36-48% speedup in allocation/deallocation speed for GPUBFCAllocator:
1. Identify chunks by a handle number, rather than by a pointer to a Chunk.
Chunk data structures are now allocated in a `vector<Chunk>`, and a handle
is an index into this vector to refer to a particular chunk. This allows the
next and prev pointers in Chunk to be ChunkHandle (4 bytes), rather than
`Chunk*` (8 bytes).
2. When a Chunk object is no longer in use, we maintain a free list of Chunk
objects, whose head is designated by ChunkHandle `free_chunks_list_`, and
with the `Chunk->next` pointing to the next free list entry. Together with
(1), this allows us to avoid heap allocation/deallocation of Chunk objects
in the allocator, except (rarely) when the `vector<Chunk>` grows. It also
makes all the memory for Chunk objects contiguous.
3. Rather than having the bins_ data structure be a std::set and using
lower_bound to locate the appropriate bin given a byte_size, we instead have
an array of bins, indexed by a function that is log₂(byte_size/256). This
allows the bin to be located with a few bit operations, rather than a binary
search tree lookup. It also allows us to allocate the storage for all the
Bin data structures in a contiguous array, rather than in many different
cache lines. This reduces the number of cache lines that must be moved
around between cores when multiple threads are doing allocations.
4. Added fast path to GPUBFCAllocator::AllocateRaw that first tries to allocate
memory without involving the retry_helper_. If an initial attempt fails
(returns nullptr), then we go through the retry_helper_, but normally we can
avoid several levels of procedure calls as well as the
allocation/deallocation of a std::function with several arguments.
5. Commented out most of the VLOG calls. These can be reenabled selectively
when needed for debugging purposes by uncommenting and recompiling.
Added multi-threaded benchmark to test allocation under contention.
Speeds up ptb_word_lm on my desktop machine with a Titan X card from 8036 words
per second to 8272 words per second (+2.9%).

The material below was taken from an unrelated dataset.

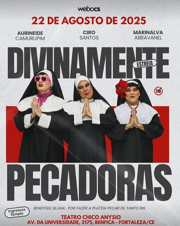 Sem papas na língua e com o DNA do humor cearense pulsando forte, Divinamente Pecadoras trata da vida como ela é, só que mais engraçada, mais escrachada e com muito mais brilho.

Run on (40 X 2801 MHz CPUs); 2016/02/16-15:12:49 CPU: Intel Ivybridge with HyperThreading (20 cores) dL1:32KB dL2:256KB dL3:25MB Benchmark Base (ns) New (ns) Improvement

10 / 17

BM_Allocation 347 184 +47.0% BM_AllocationThreaded/1 351 181 +48.4% BM_AllocationThreaded/4 2470 1975 +20.0% BM_AllocationThreaded/16 11846 9507 +19.7% BM_AllocationDelayed/1 392 199 +49.2% BM_AllocationDelayed/10 285 169 +40.7% BM_AllocationDelayed/100 245 149 +39.2% BM_AllocationDelayed/1000 238 151 +36.6%

#### Detail: Speed up Pathways throughput by ~20% via a set of
miscellaneous changes.
- Unified a bunch of special fast descriptor parsing functions into a single
ParsedDescriptor class and use this class in more places to avoid expensive
full parse calls.
- Change several protocol buffer fields from string to bytes (avoids
unnecessary utf-8 checks and associated error handling code).
- DescriptorProto.inlined_contents is now a string, not a Cord (it is expected
to be used only for small-ish tensors). This necessitated the addition of a
bunch of copying helpers in tensor_util.cc (need to now support both strings
and Cords).
- Use flat_hash_map instead of std::unordered_map in a few places.
- Added MemoryManager::LookupMany for use by Stack op instead of calling
Lookup per batch element. This change reduces setup overhead like locking.
- Removed some unnecessary string creation in TransferDispatchOp.
- Performance results for transferring a batch of 1000 1KB tensors from one
component to another in the same process:

Before: 227.01 steps/sec After: 272.52 steps/sec (+20% throughput)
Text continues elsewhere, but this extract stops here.